Challenge

高性能自動車の設計と製造しながら、新しい自動車の概念とアプローチを開発、テスト、検証する作業をすべて、小規模なチームで限られた予算で行います。

Solution

SOLIDWORKSおよびSOLIDWORKS Flow Simulation数値流体力学(CFD)解析ソフトウェアを導入します。

Results

  • 流体シミュレーションとテスト結果の98%の相関性を実現
  • 車両の空気力学と性能を改善
  • 革新的な特許申請中のサスペンション設計を導入
  • 24台以上の高性能自動車を4人のチームで設計および製造

Palatov Motorsportは、高性能自動車、部品、アクセサリーの設計と製造を行っています。同社の顧客は、Palatovの車両を主にレクリエーション トラックデイ(アマチュアの愛好家がレーストラックを利用できるイベント)に使用します。しかし、Palatov Motorsportは一般道路での走行用に登録可能な車両モデルも生産しています。この特殊自動車メーカーは、比類のない価値を提供する卓越した性能を持つ設計を作成および製作することに努めています。また、Palatov Motorsportは、個別に製作された車両から少量および中量生産の特殊車両まで、カスタム自動車用のサスペンション 部品などの構成部品の設計と供給においても成功を収めています。

2008年にPalatov Motorsportを設立する前は、共同経営者のDennis Palatov氏はコンピュータの筐体を設計する機械エンジニアとして勤務していました。その職務では、3次元設計プラットフォームが必要でした。そのため、Palatov氏は1995年に市場で入手可能な設計ソリューションを評価した後に、SOLIDWORKS®の3次元設計ソフトウェアを選択してから、お気に入りの設計ツールとしてずっと使用してきました。「Pro/ENGINEER®も評価しましたが、高価なワークステーションが必要で使いにくかったのです」とPalatov氏は思い起こします。

「私はPCベースのソリューションを求めており、SOLIDWORKSの評価をすることを決めました。ユーザー マニュアルを開かずに席に着いて、SOLIDWORKSをすぐに使い始めることができることがわかりました。このソフトウェアは非常に直感的で、自分の脳が働くように動作します。自分の頭の中にあるアイデアを生産的に現実化できるのです」

彼の経験から、Palatov MotorsportでSOLIDWORKSを選択するのは簡単な決断でした。「厳密な公差のある自動車全体をゼロから自分自身で設計し、4人のチームでその自動車を組み立てます」とPalatov氏は言います。「大抵の特殊自動車は、20人~30人以上のチームで開発されます。Palatov Motorsportでそれを行うには、SOLIDWORKSが不可欠です。このソフトウェアは継続的に進化、改善されており、素晴らしいツールであることが実証されています。

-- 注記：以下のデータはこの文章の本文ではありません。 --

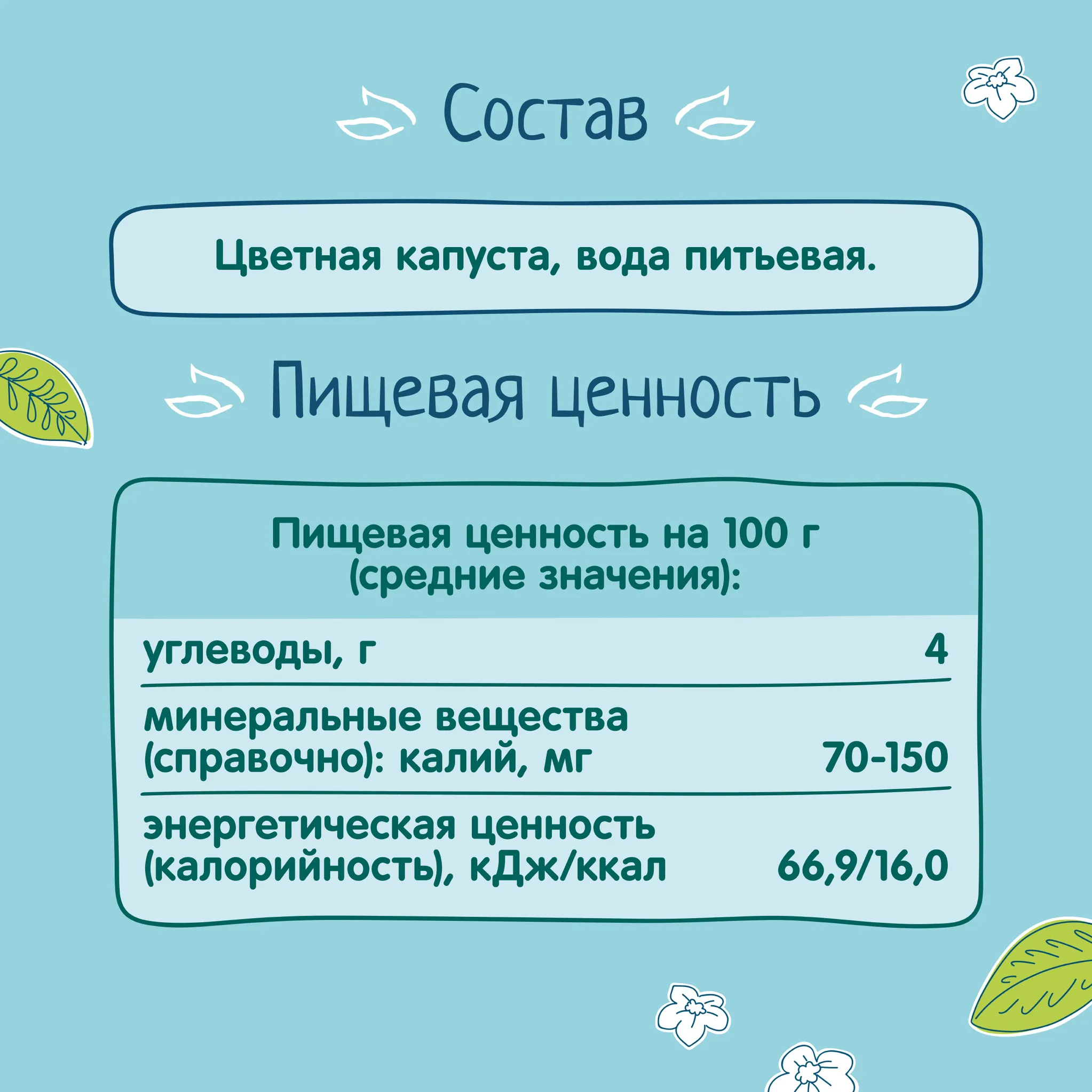 Пюре из цветной капусты «ФрутоНяня» имеет идеальный состав, чтобы начать первый прикорм малыша и его знакомство с новыми продуктами. Вводить в рацион этот овощ можно уже с 4 месяцев, ведь клинически доказано, что он гипоаллергенный. Мы не добавляем в наши пюре ничего лишнего: в них нет консервантов, красителей и ароматизаторов, а также соли и крахмала. В составе только цветная капуста и питьевая вода.
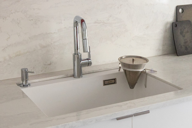 洗剤の置き場にお困りの方には、キッチンシンクや天板に設置する、埋め込み型のソープディスペンサーがおすすめ。シンプルなフォルムでキッチン空間がすっきりします。

」

この特殊自動車メーカーは、空気力学的性能を最適化するために、統合されたSOLIDWORKS Flow Simulationを2012年に追加導入しました。SOLIDWORKSに一本化した決断と同様に、Palatov Motorsportが SOLIDWORKS Flow Simulationを選択した理由は、同ソフトウェアが直感的で、SOLIDWORKS設計環境内で機能し、正確な結果を出すためです。

 

流体シミュレーションで空気力学的特性を改善

Palatov Motorsportは、SOLIDWORKS Flow Simulationを使用して、空気の流れ、抗力、ダウンフォースが自動車の性能にどのように影響するかについて重要なインサイトを得ることができました。これにより、同社は自動車の空気力学的特性を改善しただけではなく、運転者の好みに合わせて空気力学的要素を柔軟に調整できました。たとえば、同社はSOLIDWORKS Flow Simulationを使用して、コロラド州の標高4,301mのパイクス ピークで開催される、距離19.99km、コーナー数が156あるパイクス ピーク インターナショナル ヒル クライム(IHC)でのレース用に特別に設計されたD1PPS(パイクス ピーク スペシャル)を開発しました。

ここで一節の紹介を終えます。